September, 2022

The inaugural Deeper Learning Boston is here: a unique collaboration between Hale Education and Deeper Learning Global, an offshoot of High Tech High Graduate School of Education. When we began planning this event, my long-time colleague and dear friend Carmen Torres was excited by all that we could inspire and create for the future.

Sometimes when I hear my graduate students talk about deeper learning, I fear they think it is a new idea or a recently discovered phenomenon. However, we know that critical thinking, effective communication, collaboration, creativity, and content expertise (the pillars of deeper learning)  have always been indicators of a good education. How we can best engage young people in schools, center equity, and foster culturally responsive teaching and learning continue to be essential foci for our time. We are not there yet. 

Deeper Learning has its roots in the innovations of the 1980s and 1990s, a time of innovation and the advent of this current wave of high-stakes testing. Ted Sizer, author of Horace’s Compromise, Horace’s School and Horace’s Hope, and former dean of HGSE, founded the Coalition of Essential Schools (CES) in the early 1980s as well. Deborah Meier, founder of Central Park East Secondary School and MacArthur “genius grant” recipient, joined Sizer as CES co-chair. 

The Ten Common Principles of CES are the antecedents of the current Deeper Learning movement: depth over breadth, student as worker; teacher as coach and graduation by portfolio and exhibition. One of the most fundamental principles of CES schools was democracy and equity—specifically, they sought to address how schools embrace the cultural, racial, and linguistic backgrounds of students and how teachers and students can be key decision makers. Questions of curriculum and assessment were considered the purview of those closest to the students: teachers. Collaborative decision making was also considered a key to a healthy democratic school.

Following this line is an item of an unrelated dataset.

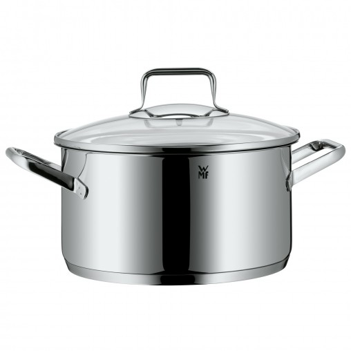 So vielseitig wie beliebt: In den Fleischtopf passt alles rein, was zum Kochen viel Flüssigkeit braucht. Und da sein Rand besonders hoch ist, spritzt beim Braten von Fleisch nichts heraus. Auch Nudeln, Kartoffeln und Klöße nimmt er ohne Probleme auf. Großvolumige Gemüsesorten wie Blumenkohl lassen sich prima blanchieren, die gegarten Kartoffeln direkt im Topf pürieren oder zerstampfen. Die innen liegende Messskala erleichtert das Abmessen von Flüssigkeiten. Griffe, die nicht heiß werden, eine Dampföffnung im Deckel und der breite Schüttrand machen das Arbeiten mit ihm noch leichter. Die Fleischtöpfe besitzen einen TransTherm® Allherdboden für eine gleichmäßige Wärmeverteilung und lange Wärmespeicherung. Es gibt sie in unterschiedlichen Größen von 12 bis 24 Zentimeter Durchmesser für den Single- bis zum Familienhaushalt. Praktisch: Der Fleischtopf gehört zu allen mehrteiligen Kochtopf-Sets von WMF.
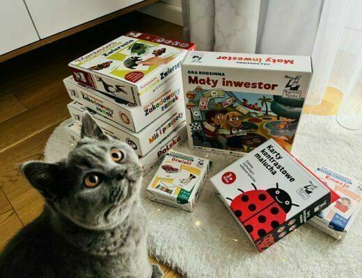 Monopoly kochamy w każdym wydaniu, mamy nawet oryginalne wydanie z lat 80-tych! Choć przyznam, że po nie sięgamy najrzadziej, bo gra zajmuje mnóstwo czasu i staje się monotonna. Zupełnie inaczej jest z wersją Junior Koci domek Gabi! Cała rozgrywka zajmuje mniej niż 30 minut, jest wesoła i dynamiczna. Tak jak w klasycznym Monopoly, gracze poruszają się po planszy i kupują pola (w tej wersji takie jak: Łakotek, Miękicia, Kiciuś Panduś, czy Gabi, stawiając na nich swoje zetony. Pozostali gracze muszą zapłacić za postój na zajętym polu. Grę urozmaicają Kicikarty niespodzianki :)

Vito Perrone, author of Letters to a Teacher and senior faculty member at Harvard, guided many of the schools that adopted the CES principles. He was more than a professor, writer, and philosopher: he was a doer. He visited schools; he brought his students to revamp run-down libraries and shelve books; he sat on school boards and cajoled superintendents to listen to school leaders. He was an early opponent of high-stakes testing and an early proponent of the ways in which schools and communities could work together. He honored the work of families and encouraged schools to respond to their interests. For decades, he presided over the North Dakota Study group and helped found the Center for Collaborative Education, a regional CES center. In his writing and his actions, he supported hundreds of schools. 

For many educators of the 80s and 90s, Ted and Vito were inspirations. The late Carmen Torres, my colleague for over four decades, talked about Ted having bifocal vision: He could see just about everywhere. Carmen also learned to deeply look at student work in seminars with Vito. She talked about how students’ words were more important than their standardized test scores. Carmen embraced what we call “knowing the whole child.” She referred to Vito and Ted as her philosophical parents, which is why we chose to honor them both when we co-founded the Perrone-Sizer Institute for Creative Leadership (PSi). She helped bring PSi to Hale Education, and she would be enormously proud of this conference today.

I hope as we celebrate deeper learning, we don’t forget how we got here.  We remember Ted, Vito, and Carmen, all of whom are no longer with us. We also celebrate many others who are still out there doing the work—people like Larry Myatt, Gloria Ladson Billings, and Pedro Noguera. The list goes on…

I hope that history will kindle our drive to take the bold actions required to improve our schools and communities. Our young people deserve nothing more.